To find the total gas pressure at equilibrium, we need to calculate the partial pressure of each gas and then sum them up.
Given:
Reaction: 2 NaHCO3(s) → Na2CO3(s) + CO2(g) + H2O(g)
Kp = 0.34 at 160 ºC
We are asked to find the total gas pressure at equilibrium when the reaction occurs at 100 ºC. However, since the value of Kp is given at 160 ºC, we need to use the equation relating Kp and temperature to find the Kp value at 100 ºC.
The equation relating Kp and temperature is:
ln(Kp1/Kp2) = ΔHº/R * (1/T1 - 1/T2)
Where:
Kp1 and Kp2 are the equilibrium constants at temperatures T1 and T2 respectively.
ΔHº is the standard enthalpy change of the reaction.

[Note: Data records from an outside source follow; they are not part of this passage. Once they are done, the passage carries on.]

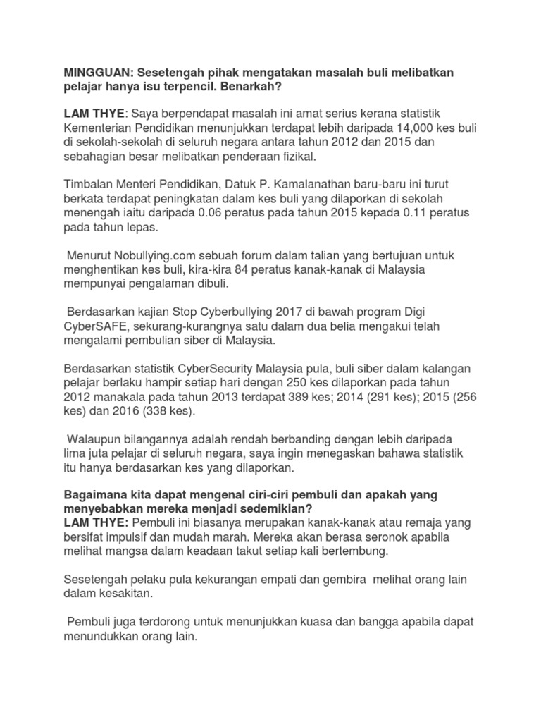 Statistik buli siber di malaysia. Pada 2018 malaysia berada di kedudukan yang keenam dari 28 negara yang mencatatkan kes buli siber terbanyak di seluruh dunia. Sebanyak 9 686 kes membabitkan nilai lebih rm400 juta direkodkan oleh jabatan siasatan jenayah komersial jsjk polis diraja malaysia pdrm sepanjang januari hingga 31 oktober lalu berkaitan penipuan siber dan multimedia. Kita telah menyaksikan bagaimana buli siber telah meragut nyawa beberapa mangsa buli yang akhirnya bertindak membunuh diri sama ada di dalam atau luar negara. 1 kajian tinjauan.
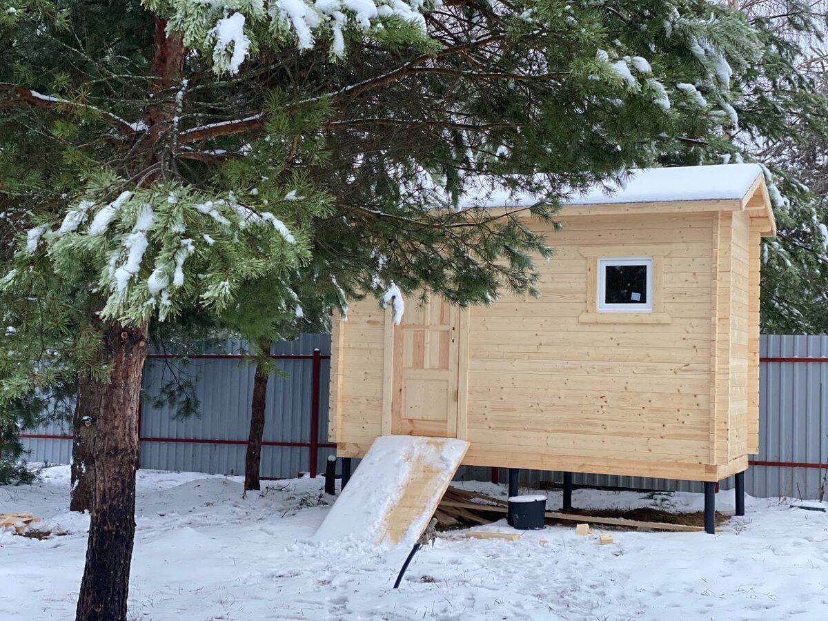 Чтобы #бытовка или #хозблок не отличалась от садового домика, заказали в той же компании. И опять я промахнулась 🤦♀️. Решила, что стены тонкие и чтоб постройка не стояла в сугробе, сделала высокие сваи. Теперь пандус как горка, и попробуй, заберись 😂. Весной будем на домкратах поднимать бытовку и спиливать сваи ниже. Тут будут #рододендроны ✅
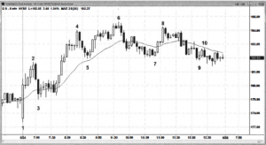 Chart GS hình thành mô hình Double Bottom Bull Flag với nến số 5 và nến số 7 trong hình dưới. Và mặc dù giá hình thành đỉnh cao hơn tại vị trí chính giữa 2 nến 5 và 7, ta vẫn có thể xem vị trí này đã hình thành mô hình DBBF. Nến số 5 là lần cuối cùng giá hình thành đáy cao hơn (Higher Low). Vị trí này rất quan trọng đối với một xu hướng tăng, nếu trường hợp giá có thể đâm xuyên qua vùng này trên chart, chúng ta sẽ nghĩ nhiều đến trường hợp giá đã đảo chiều hoặc thị trường sideway hơn là giao dịch theo xu hướng cũ.
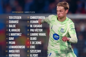 體育資訊5月25日訊 北京時間明天凌晨3點,西甲第38輪巴薩客戰(zhàn)畢爾巴鄂競技,巴薩公布此役大名單。亞馬爾、拉菲尼亞在列,阿勞霍回歸,孔德、費蘭-托雷斯等缺席。
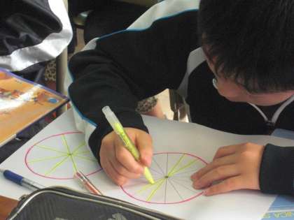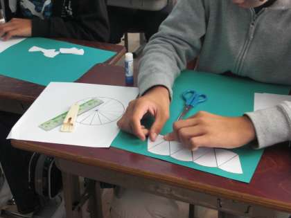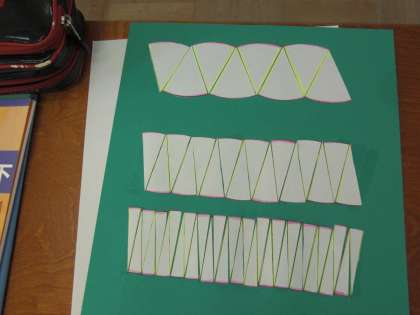 円の面積を求める公式を導き出すために,実際に,円を切って,長方形や平行四辺形など求められる形に変形していきました。
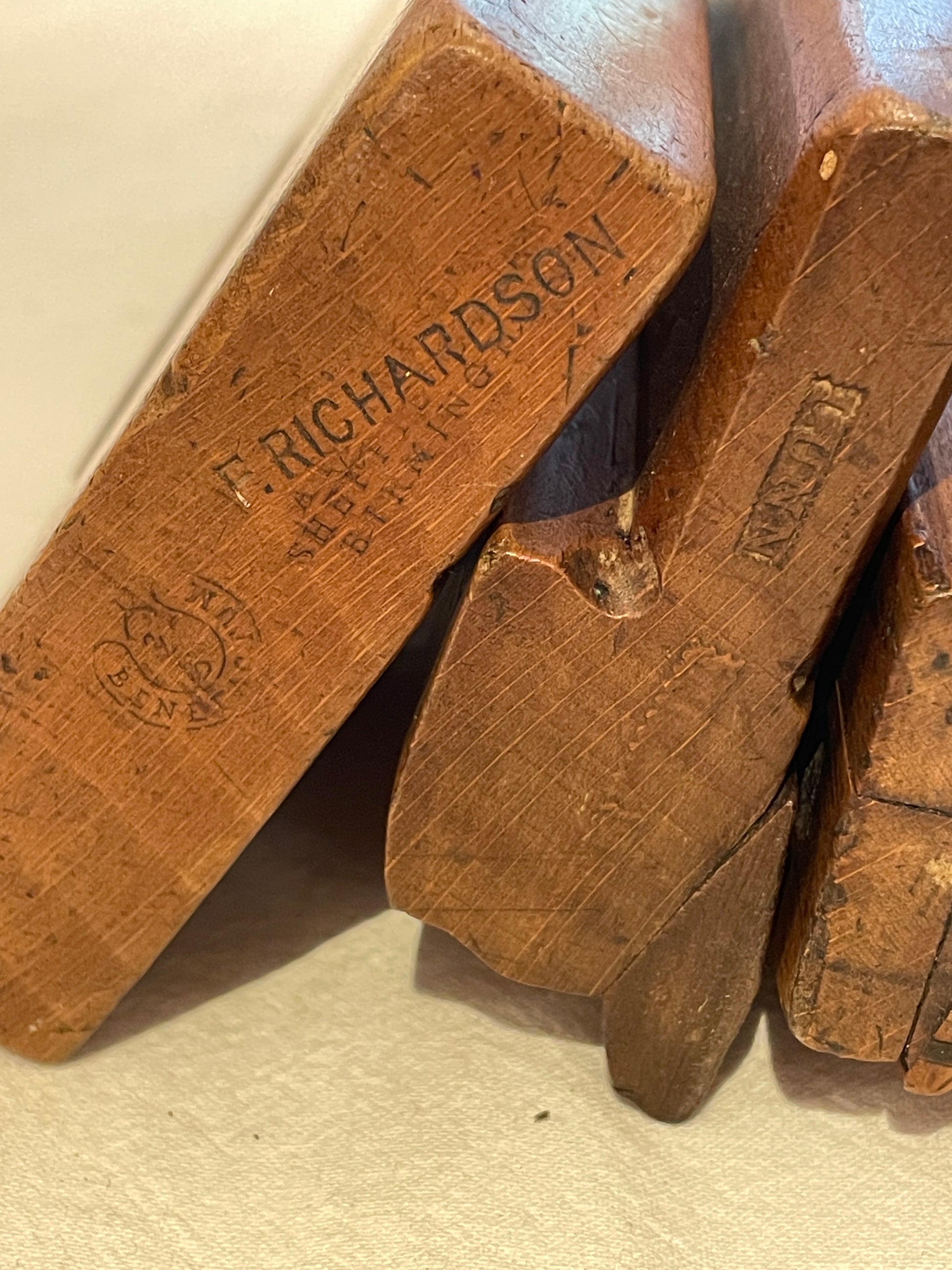 A characterful mixed set of five 19th-century British wooden moulding planes, each with its own profile and maker’s stamp. These came from the same workshop and include a desirable variety of cutting forms, from wide ogees to quirks and bevel combinations. Makers represented include J. Buck (London), W. Richardson (Warrington), and others with clear initials and workshop marks. One example has its original wedge broken but retained, allowing for restoration if desired.

R is the gas constant (8.314 J/(mol·K)).
We can rearrange this equation to solve for the Kp value at 100 ºC.
ln(Kp/0.34) = ΔHº/(8.314 J/(mol·K)) * (1/(273+160 K) - 1/(273+100 K))
ln(Kp/0.34) = ΔHº/(8.314 J/(mol·K)) * (0.0030603084 K⁻¹)
Kp/0.34 = e^(ΔHº/(8.314 J/(mol·K)) * (0.0030603084 K⁻¹))
Kp = 0.34 * e^(ΔHº/(8.314 J/(mol·K)) * (0.0030603084 K⁻¹))
Now, let's substitute the given values:
Kp = 0.34 * e^(ΔHº/(8.314 J/(mol·K)) * (0.0030603084 K⁻¹))
ΔHº = 0 since no temperature change is given
Kp = 0.34 * e^(0/(8.314 J/(mol·K)) * (0.0030603084 K⁻¹))
Kp = 0.34
Since Kp = 0.34 at 100 ºC, we can assume the reaction is close to equilibrium. This means that most of the NaHCO3 has been converted to Na2CO3, and the pressure of CO2 and H2O gases will be negligible.
Therefore, the total gas pressure will be close to zero since the only significant gas present is CO2, and its pressure is negligible.